Returning to 1960s Hong Kong, its story of two neighbours who oh-so-slowly fall for each other upon realising their spouses are lovers contrasts Brief Encounter levels of contained heartbreak with intoxicatingly saturated imagery and music. Together with its heady, oblique follow-up 2046 (the final title to hit the ICA platform on 9 February), it’ll make for a dreamy lockdown Valentine’s Day treat a few days later. Not that this kind of indulgence needs any occasion at all.

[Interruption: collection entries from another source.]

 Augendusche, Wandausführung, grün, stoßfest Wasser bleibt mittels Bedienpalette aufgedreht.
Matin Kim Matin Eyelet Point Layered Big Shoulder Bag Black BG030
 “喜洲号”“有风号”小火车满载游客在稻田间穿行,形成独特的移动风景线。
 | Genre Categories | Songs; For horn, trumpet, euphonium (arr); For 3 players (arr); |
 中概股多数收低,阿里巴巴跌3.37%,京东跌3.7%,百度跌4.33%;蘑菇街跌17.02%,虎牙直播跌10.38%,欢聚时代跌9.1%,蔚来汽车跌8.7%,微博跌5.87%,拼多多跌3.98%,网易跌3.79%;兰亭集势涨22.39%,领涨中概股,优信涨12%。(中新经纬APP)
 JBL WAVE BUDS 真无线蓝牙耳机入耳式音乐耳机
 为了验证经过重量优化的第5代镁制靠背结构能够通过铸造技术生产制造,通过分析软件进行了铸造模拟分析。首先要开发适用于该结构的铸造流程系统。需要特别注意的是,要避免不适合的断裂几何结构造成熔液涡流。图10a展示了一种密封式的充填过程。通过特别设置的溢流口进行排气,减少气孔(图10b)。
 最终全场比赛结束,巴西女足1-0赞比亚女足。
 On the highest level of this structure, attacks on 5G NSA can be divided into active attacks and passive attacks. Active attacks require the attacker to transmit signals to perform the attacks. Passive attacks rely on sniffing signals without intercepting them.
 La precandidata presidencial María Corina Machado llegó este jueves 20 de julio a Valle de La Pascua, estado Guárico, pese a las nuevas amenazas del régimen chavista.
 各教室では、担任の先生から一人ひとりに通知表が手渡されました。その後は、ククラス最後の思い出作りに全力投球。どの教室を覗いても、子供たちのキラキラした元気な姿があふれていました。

Also new on streaming and DVD

Saint Maud
(StudioCanal, 15)
British writer-director Rose Glass’s debut has been heaped with plaudits and superlatives since its cinema release last year, but its brittle, jittery shoulders can carry them. Low-key and slow-burning until its great gasp of a finale, this stylishly spooked chiller about an obsessively pious carer out to save the soul of her hedonistic patient enriches its smoky claret atmosphere with actual philosophical curiosity.

The Capote Tapes
(Altitude)
You’d expect a really substantial documentary about Truman Capote to have been made by now – he had a brace of biopics 15 years ago, after all – but Ebs Burnough’s slick film surprisingly has that turf to itself. Which isn’t to say that it contains many revelations for Capote-heads, but its exploration of his unfinished novel, Answered Prayers, via archival interviews with many of the high-society friends it was about, is lively, gossipy stuff.

Muscle
(Dazzler, 18)
For those of us whose January self-improvement plan already lies in tatters, Gerard Johnson’s grimly comic psychodrama provides a warning against such goals, as a schlubby office drone (the superb Cavan Clerkin) finds his hyper-macho new personal trainer (Craig Fairbrass, slyly sending himself up) taking over every facet of his life. The setup is stronger than the resolution, but it’s a clever, bracing new angle on toxic masculinity.

Possessor
(Signature, 18)
The poisoned apple hasn’t fallen far from the tree in the case of Brandon Cronenberg, who shares his father David’s dark fixation with bodily invasion, but his icily accomplished second feature announces him as a dark artist in his own right. Andrea Riseborough and Christopher Abbott are astonishing as, respectively, a hired assassin who works through the bodies of others, and her latest hapless avatar – their fight for corporeal control going to bloody, breathtaking extremes.